1 It can happen to anyone
Mental health does not discriminate. It is not choosey. It does not care what you are doing, where you are or who you are. It can impact any single one of us. For such a long time I never felt ‘worthy’ of being depressed. I never felt like anything ‘bad enough’ had happened to me to warrant me feeling this way. I felt like a fraud. Because of this I ignored what my mind and my body were trying to tell me; I put it in a little box at the back of my mind and carried on pushing through. The result – denial, burn-out and an even lower low.
Nobody has the right to tell you how you feel. The experiences that happen to you happen to you and you only. There is no checklist or neat box that you have to fit into to suffer with mental health – it doesn’t work like that! Which moves us nicely on to my second point…
2 It’s messy
I like my life organised. It’s either a or b; yes or no; right or wrong. Grey area? Not in my world. The amount of time I would spend going round and round in circles desperately trying to anticipate the outcome of something, or understand why someone had behaved in a certain way, doesn’t even bear thinking about.
I soon had to accept I couldn’t control everything. Life is complicated, it’s confusing and the road to recovery is definitely not linear. As soon as I started trying things outside of my comfort zone I realised that truly living happens in the in-between bits. It’s not always about racing to the finish.

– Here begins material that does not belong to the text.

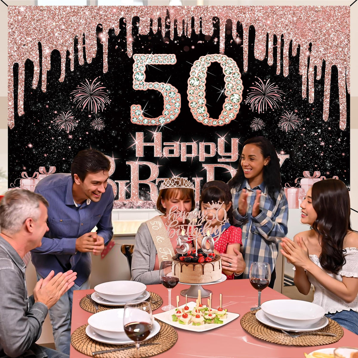 • Q: What items are included in the 50th Birthday Decorations pack? A: The pack includes a 50th Birthday Banner, Tiara, Sash, Happy 50th Birthday Cake Topper, Birthday Candles, Balloons, and a Rose Gold Tablecloth.

3 It is genuinely okay not to be okay
‘Nobody wants to be friends with someone who is sad all the time’. This one sentence. This one, insignificant, throwaway sentence somehow managed to lodge itself inside my brain and stay there unknowingly for about 15 years. And so guess what? I created this version of myself that was always happy, always energetic and always always up for a laugh. I never wanted to burden anyone or bring the mood down. I love making people feel good. I love creating connections and bringing people together. But what I forgot about was what made me feel good. What did I want? Who was there to help me when I needed it?
I am learning to accept that in order to truly love myself and let myself be seen by others I have to embrace all the different parts of me. This includes the down days, the struggles, as well as the bright light and energy.
So where does this story end? I don’t think it does! I’m constantly growing, I’m constantly learning and I’m excited for what’s to come. Life will bring with it what it will, I’m better prepared to deal with it now and instead of fearing the unknown I’m trying to embrace it. Plus it helps that I now have an entire, sweaty, kind and powerful family behind me all the way! For that, I am eternally grateful.